Combine summary statistics that are saved in a single observation in one data set with all observations in another data set. Compute new variables based on the values of the summary and detail information.
Featured Step | DATA step |
Featured Step Options and Statements | IF _N_=1 statement |
Related Technique | PROC SQL, Cartesian product |
A Closer Look | Understanding How the DATA Step Adds Values from an Observation in One Data Set to All Observations in Another |
The first 10 of 200 observations in STUDENTS are listed.
PROC MEANS created data set OVERALL by analyzing variable SCORE in data set STUDENTS. The 10th percentile and 25th percentile statistics for SCORE are saved in OVERALL.
STUDENTS (first 10 observations) student_ Obs id score 1 101 74 2 102 83 3 103 76 4 104 74 5 105 84 6 106 76 7 107 79 8 108 67 9 109 70 10 110 79 . . . OVERALL Data Set Obs _TYPE_ _FREQ_ p10 p25 1 0 200 70 74
Output 5.1 First 10 Observations of PCSTUDENTS Data SetExample 5.1 PCSTUDENTS Data Set Created with DATA Step student_ Obs id score top10pc top25pc 1 101 74 Y Y 2 102 83 Y Y 3 103 76 Y Y 4 104 74 Y Y 5 105 84 Y Y 6 106 76 Y Y 7 107 79 Y Y 8 108 67 N N 9 109 70 Y N 10 110 79 Y Y ... |
This example shows how to add one observation from one data set to all observations in a detail data set. The single observation contains summary statistics for the detail data set. By adding the summary statistics to each observation in the detail data set, you can then compare each detail observation to statistics for all observations.
The following DATA step reads the single observation in summary data set OVERALL only during the DATA step's first iteration. The values for P10 and P25 from OVERALL remain in the Program Data Vector (PDV) while the DATA step reads each observation in STUDENTS. Data set OVERALL does not have to be read more than once.
Data set STUDENTS contains the individual test scores for each student. The DATA step adds to each observation that is read from STUDENTS the same values for two variables P10 and P25, which are stored in data set OVERALL. The PROC MEANS step that precedes the DATA step analyzes variable SCORE and saves in data set OVERALL the 10th percentile and first quartile in variables P10 and P25.
On the DATA step's first iteration, which is when automatic variable _N_ equals 1, the DATA step places in the PDV the values for P10 and P25 from the single observation in OVERALL. The values remain in the PDV for the duration of the DATA step because the SET statement for OVERALL never executes again. Values that are read with a SET statement are automatically retained until another observation is read from the data set named in the SET statement.

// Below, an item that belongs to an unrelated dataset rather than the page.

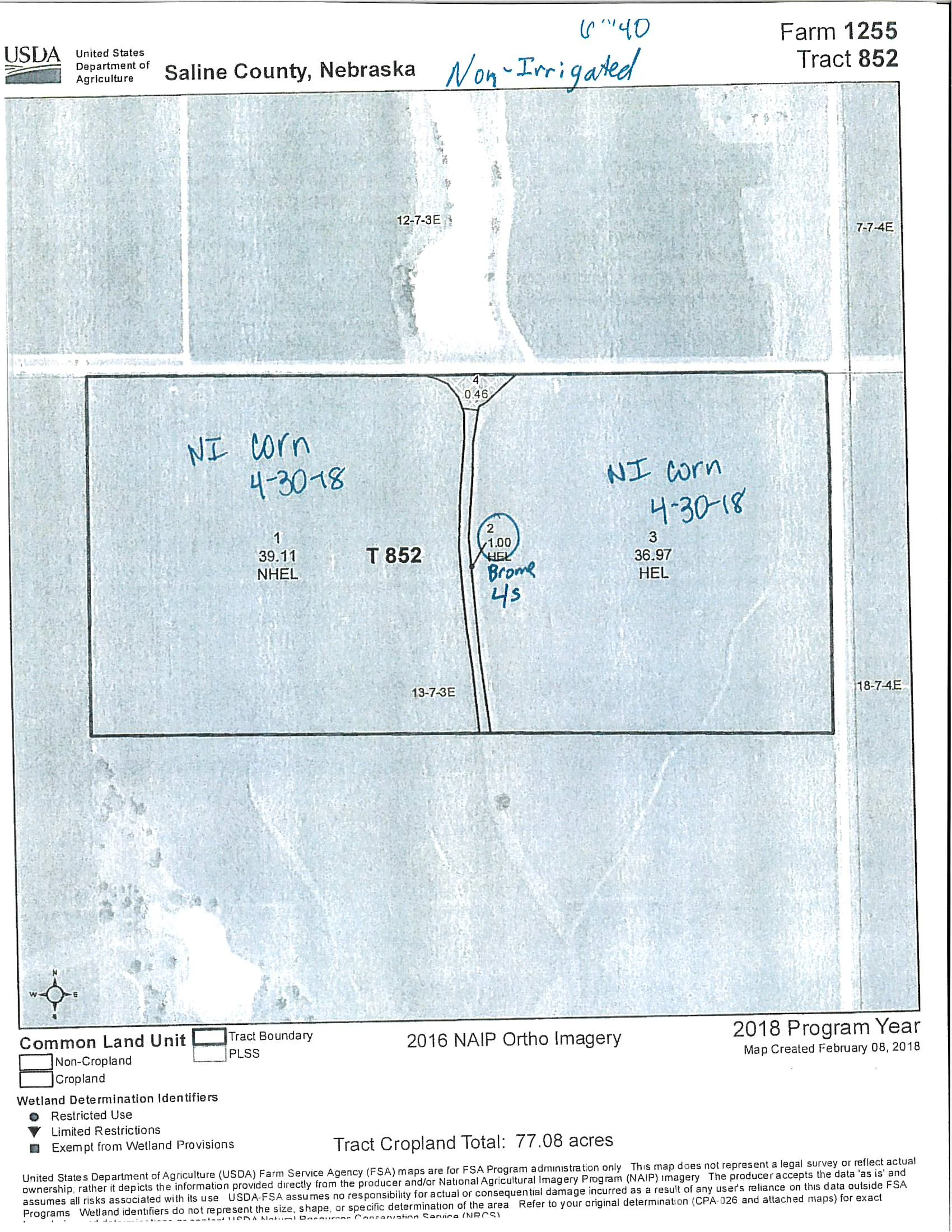 FSA: 77.08 Crop acres Corn 38.2 acres 124 Bushel Corn yield, Soybean 38.2 acres 49 Bushel yield

Each iteration reads one observation from STUDENTS. The DATA step computes two new variables, TOP10PC and TOP25PC, based on variables P10 and P25 that were added from OVERALL. The DATA step assigns the value 'Y' to variable TOP10PC if the student's score is in the top 10%; otherwise, it assigns the value 'N'. A similar rule is applied when determining the values for the top quartile variable, TOP25PC.
Each iteration writes out an observation that contains all the data for each student, including the two ranking variables TOP10PC and TOP25PC.
Save in data set OVERALL the 10th percentile and first quartile statistics for variable SCORE.
Create PCSTUDENTS. Read an observation from OVERALL only on the first iteration and keep only the P10 and P25 variables. Read each observation from STUDENTS. Compute two new variables based on the values read from OVERALL that were retained in the PDV for P10 and P25.
proc means data=students noprint; var score; output out=overall p10=p10 p25=p25; run; data pcstudents(drop=p10 p25); if _n_=1 then set overall(keep=p10 p25); set students; top10pc='N'; top25pc='N'; if score ge p10 then top10pc='Y'; if score ge p25 then top25pc='Y'; run;
The following PROC SQL step joins the two tables, OVERALL and STUDENTS. The program submits the same PROC MEANS step to create OVERALL that was shown in the main example. The join in the PROC SQL step produces a Cartesian product, which is a combination of each row from the first table with every row from the second table.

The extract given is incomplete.